### Data
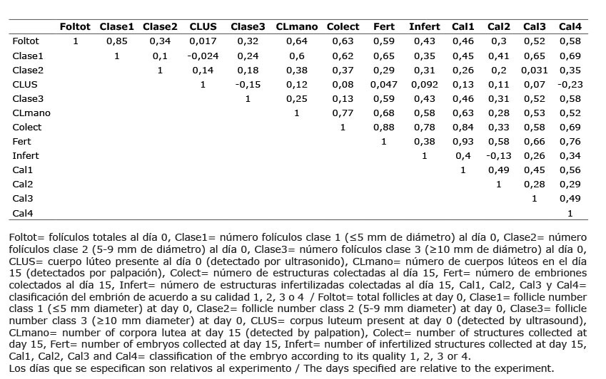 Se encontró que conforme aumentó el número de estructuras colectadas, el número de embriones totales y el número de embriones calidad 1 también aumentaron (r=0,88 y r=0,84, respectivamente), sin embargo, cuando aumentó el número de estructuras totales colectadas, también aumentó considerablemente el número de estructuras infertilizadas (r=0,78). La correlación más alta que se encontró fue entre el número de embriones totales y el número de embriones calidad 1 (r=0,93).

* * *

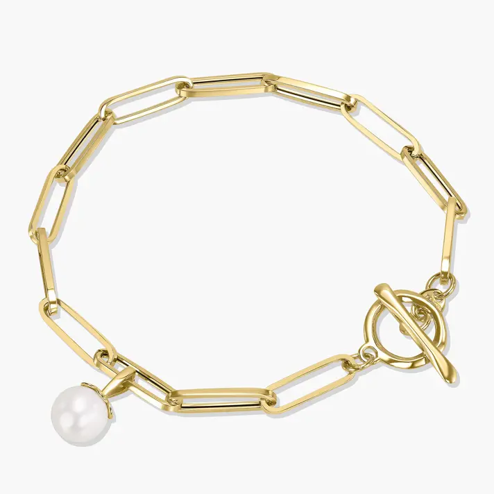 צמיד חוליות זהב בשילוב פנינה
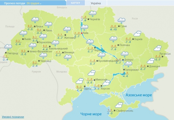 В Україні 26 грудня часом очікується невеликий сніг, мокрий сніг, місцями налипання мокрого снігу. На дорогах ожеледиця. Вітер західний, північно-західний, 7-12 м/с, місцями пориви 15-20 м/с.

---

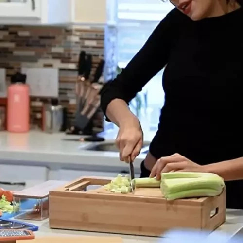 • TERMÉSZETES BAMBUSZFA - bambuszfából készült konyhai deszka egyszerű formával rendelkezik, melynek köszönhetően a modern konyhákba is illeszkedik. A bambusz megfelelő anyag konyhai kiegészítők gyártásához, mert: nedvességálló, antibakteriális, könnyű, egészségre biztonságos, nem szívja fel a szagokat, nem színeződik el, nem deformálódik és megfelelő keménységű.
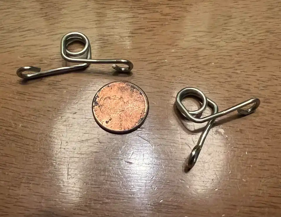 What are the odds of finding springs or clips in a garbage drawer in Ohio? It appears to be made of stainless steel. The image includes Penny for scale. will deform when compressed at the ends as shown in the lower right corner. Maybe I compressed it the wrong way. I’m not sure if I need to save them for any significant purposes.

### Task prompt
Please copy out from the data above, without any picture, exactly the lines running from the one that holds "צמיד חוליות זהב בשילוב פנינה" through the one that holds "В Україні 26", and nothing beyond them.

### Response to this task
 צמיד חוליות זהב בשילוב פנינה
 В Україні 26 грудня часом очікується невеликий сніг, мокрий сніг, місцями налипання мокрого снігу. На дорогах ожеледиця. Вітер західний, північно-західний, 7-12 м/с, місцями пориви 15-20 м/с.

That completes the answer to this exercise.